Formatting Subcircuit Definitions:

subckt SubcircuitName [(] node1 ... nodeN [)]
[ parameters name1=value1 ... [nameN=valueN]]
.
.
.
instance, model, ic, or nodeset statements—or
further subcircuit definitions
.
.
.
ends [SubcircuitName]

Formatting the Instance Statement:

name [(]node1 ... nodeN[)] master [[param1=value1] ...[paramN=valueN]]

PaulMcG · Accepted Answer

Word is one of the most greedy and aggressive of all the repetition types in pyparsing. So your two expressions:

linebreak = pp.Suppress(pp.Keyword('\') + pp.LineEnd())
identifier = pp.Word(pp.alphanums + '_!<>\')

are going to conflict. Once an identifier starts scanning for matching characters, it will not look ahead to the next expression to see if it should stop.

In order to tell the difference between a '\' in an identifier from one that is the continuation, you have a good start with linebreak. Next, we need to remove the '\' from the characters in the identifier word:

identifier = pp.Word(pp.alphanums + '_!<>')

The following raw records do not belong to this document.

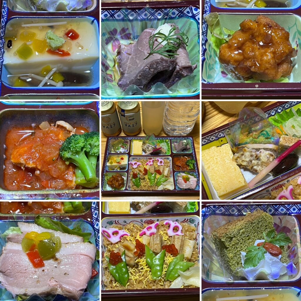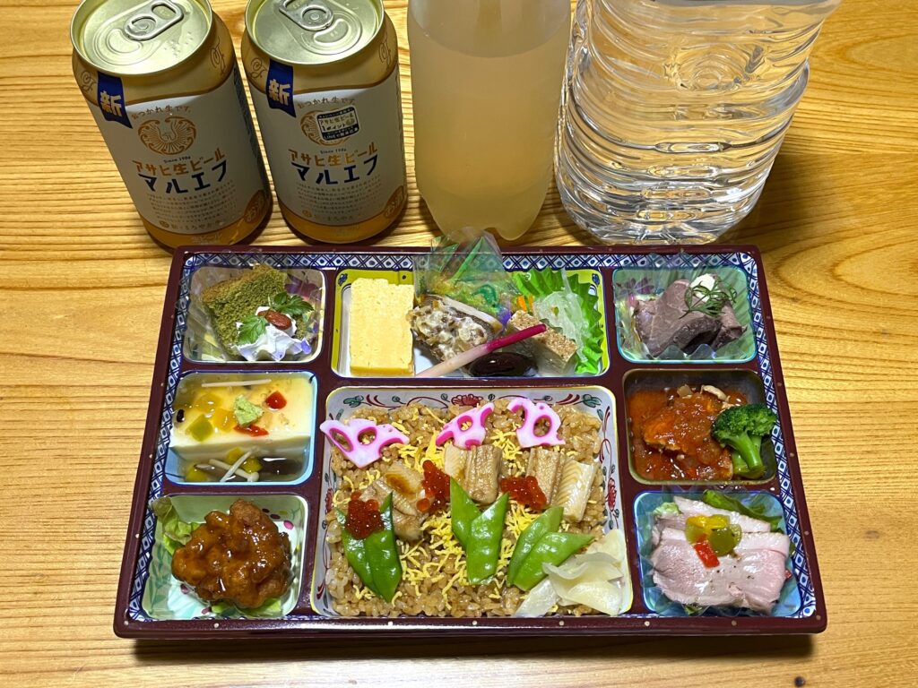 18時にレストランへ弁当を取りに行きます。箱から取り出した特製弁当は、添え物やソースなども丁寧に作ってあります。何より部屋飲みでくつろげたのが良かったです。
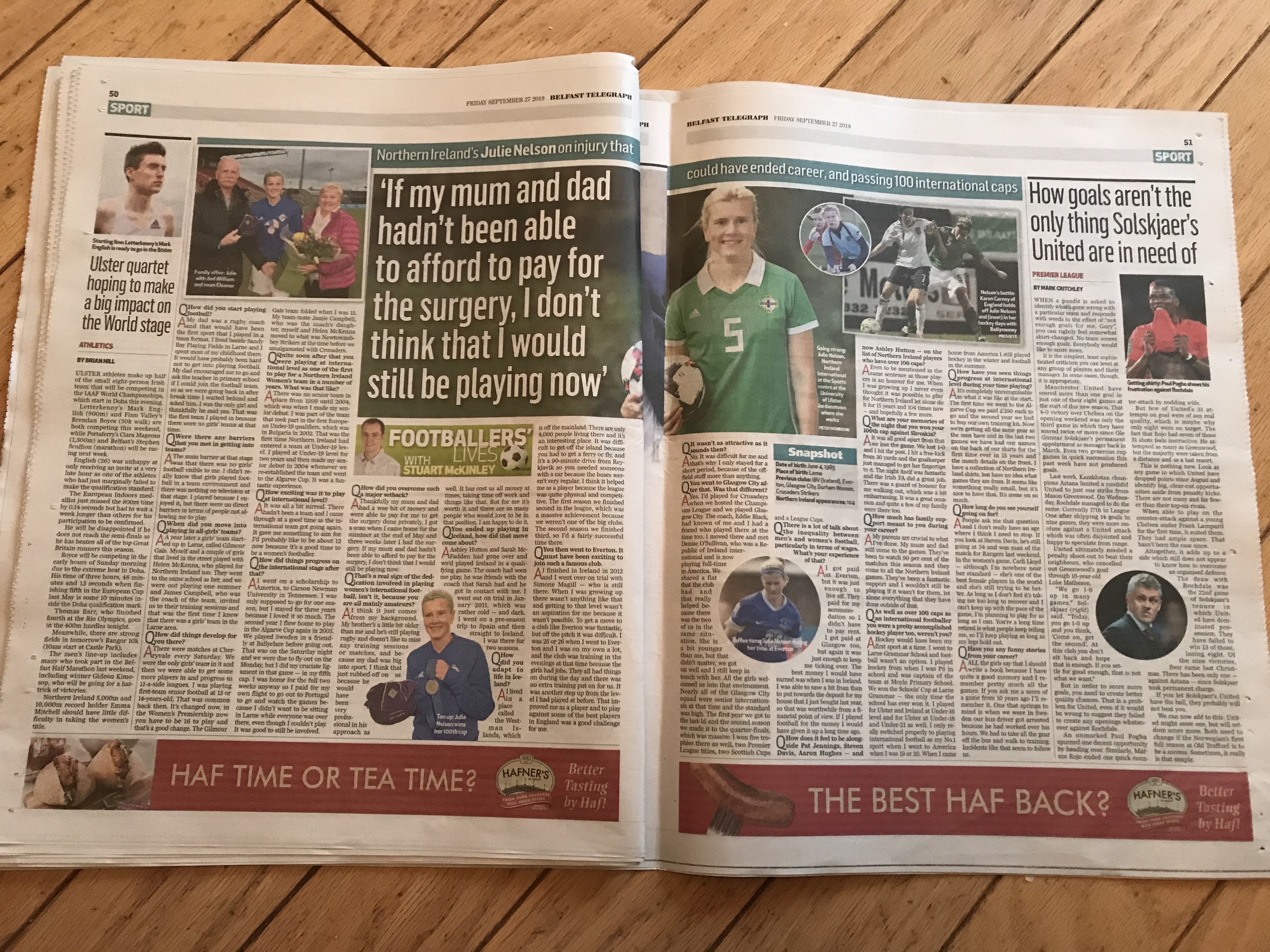 I’d had a message from Eleanor so I whizzed across ‘Sandy Bay’ and caught up with them both. Given I see them every few years there was a bit to talk about and one important item was that in today’s paper there was a two page spread of their daughter Julie who plays football(soccer) for All Ireland and has 100 caps. So I’m very pleased to say I knew this sportswoman when she was a little girl. Great to see her success.
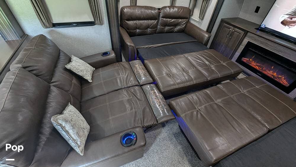 Watch your favorite movies in front of the coach, lounging on the tri-fold sleeper sofas and Theatre Recliners, watching the entertainment center 50" TV with speakers and an electric fireplace.
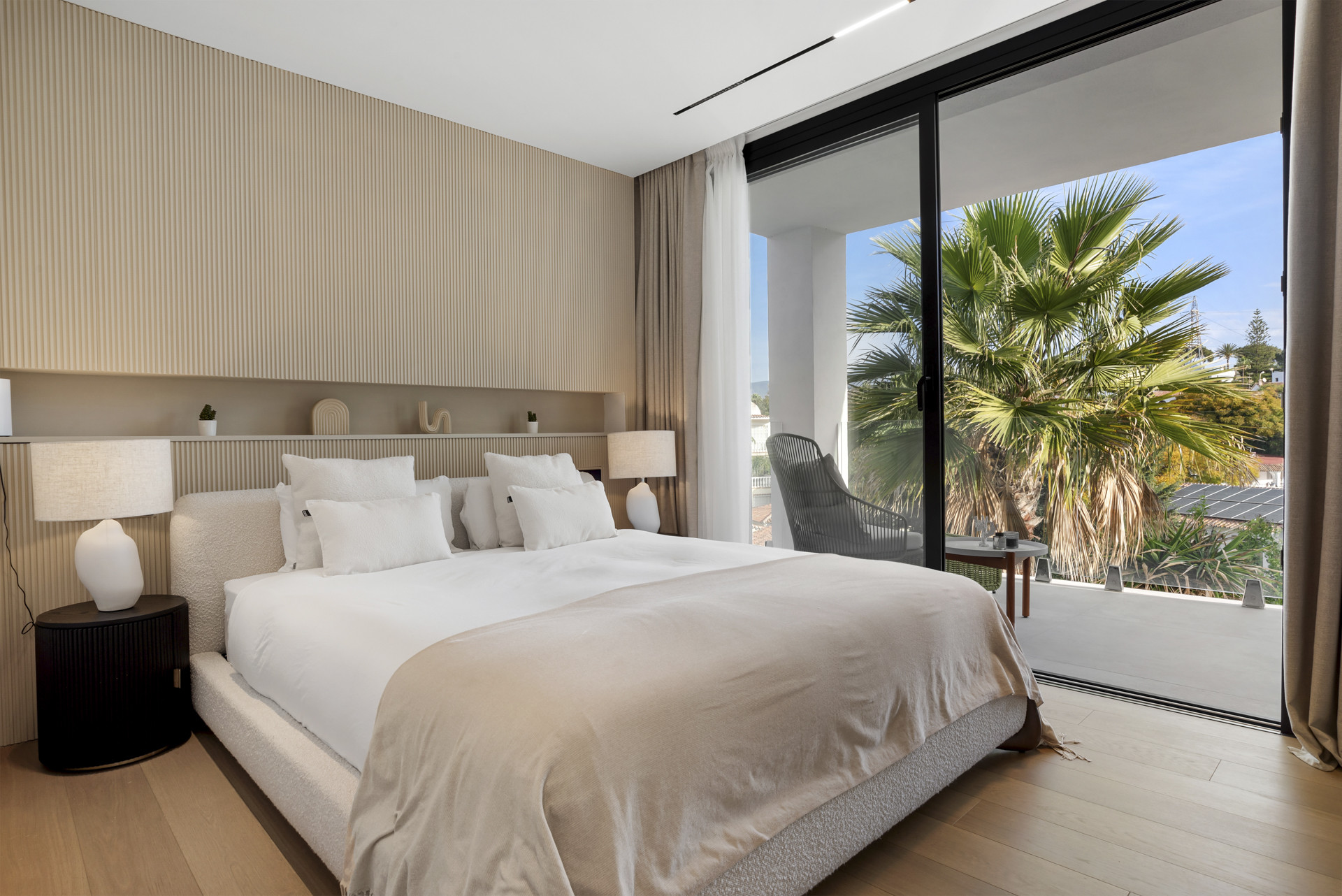 Chacune des cinq chambres spacieuses dispose d'une salle de bain privative, garantissant l'intimité et le confort de chaque invité. L'espace de vie ouvert est lumineux et aéré, menant à une cuisine entièrement équipée et élégante, ainsi qu'un espace de repas raffiné. Les fenêtres du sol au plafond encadrent des vues à couper le souffle et s'ouvrent sur la terrasse spacieuse de la villa et son jardin magnifiquement aménagé. À l'extérieur, une piscine privée spectaculaire occupe le centre des lieux, entourée de chaises longues, d'un coin avec foyer tendance et d'une verdure luxuriante - parfait pour profiter du soleil de Marbella ou passer une soirée sous les étoiles.
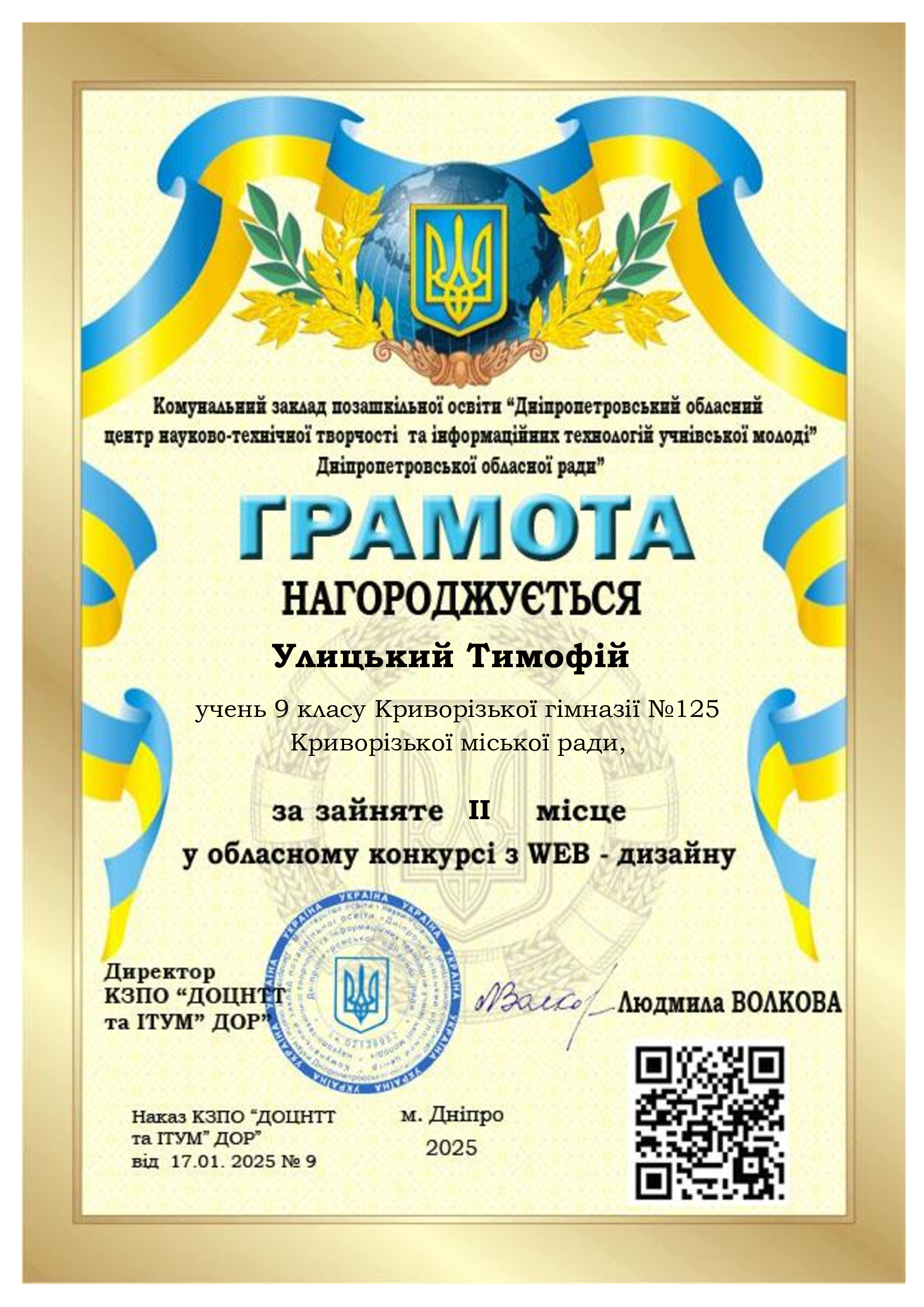 Конкурс "Веб дизайн", учень 9-Б класу Улицький Тимофій - 2 місце
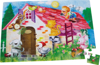 48-teilig. Das ist riesig! Großes Bodenpuzzle in 62 x 92 cm mit Hausmotiv und lustigen bunten Tieren als Bewohner und Gärtner. Aus stabilen Pappteilen.
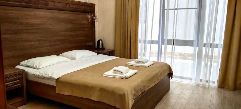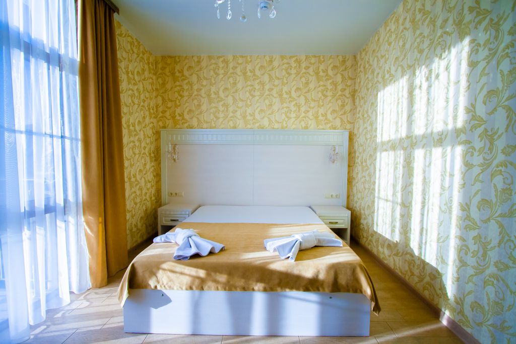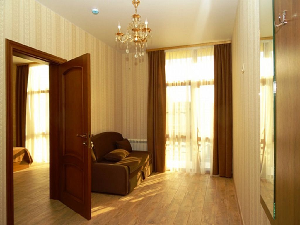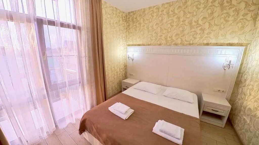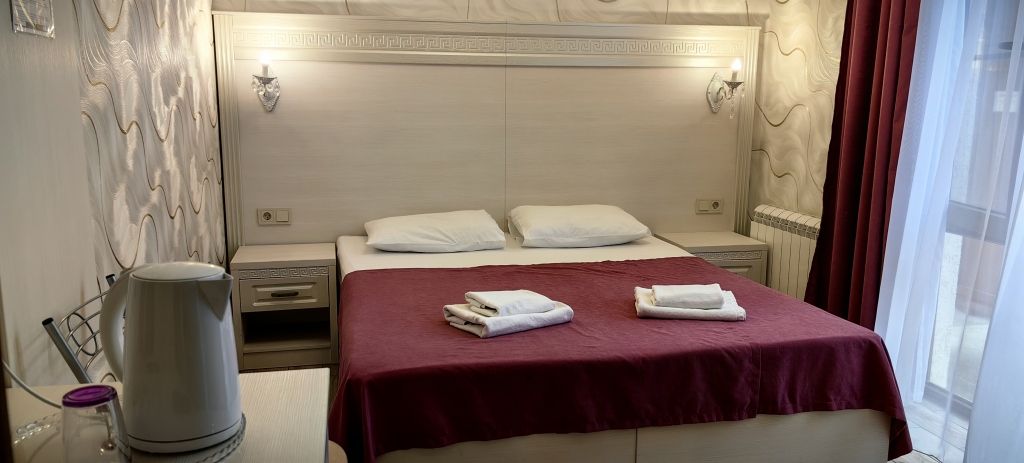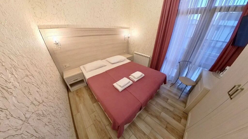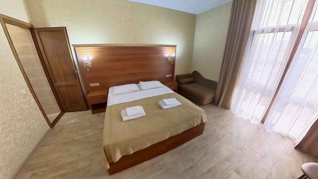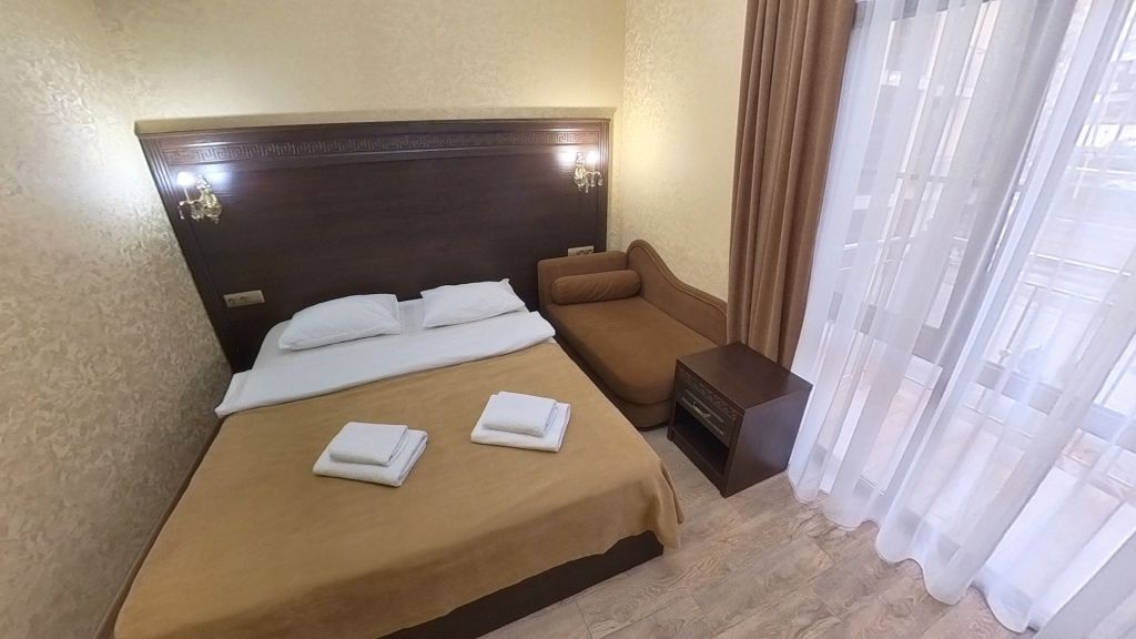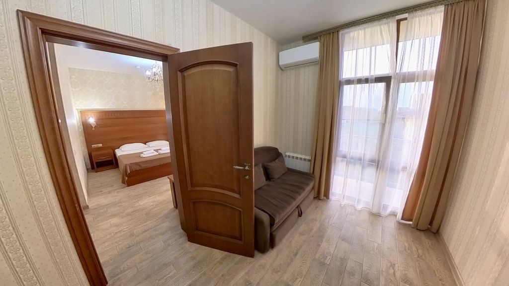 Две комнаты с балконом и видом во внутренний двор предназначены для проживания двух и более человек. Комната выполнена в современном стиле и спокойных цветовых тонах, оборудована всем необходимым: чайник, чайная пара, холодильник, кондиционер, что позволяет гостям чувствовать себя комфортно и наслаждаться всеми прелестями пребывания на отдыхе.

To add back the '\' in identifiers, we'll need to be more specific. Not just any '\' will do, we want only '\' that are not linebreaks (that is, those that are not at the end of the line). We can do that with a negative lookahead. Before accepting a backslash, first make sure it is not a line breaking backslash:

backslash_that_is_not_a_linebreak = ~linebreak + '\'

And now identifier will be the collection of one or more word items, which can be your identifier word as defined above, or a backslash that is not a linebreak.

identifier_word = pp.Word(pp.alphanums + '_!<>')
identifier = pp.OneOrMore(identifier_word | backslash_that_is_not_a_linebreak)

This gets us close, but if you use this identifier to parse "net\<8>", you'll get:

['net', '\', '<8', '\', '>']

If you wrap identifier in a pyparsing Combine, then all should work fine:

identifier = pp.Combine(pp.OneOrMore(identifier_word | backslash_that_is_not_a_linebreak))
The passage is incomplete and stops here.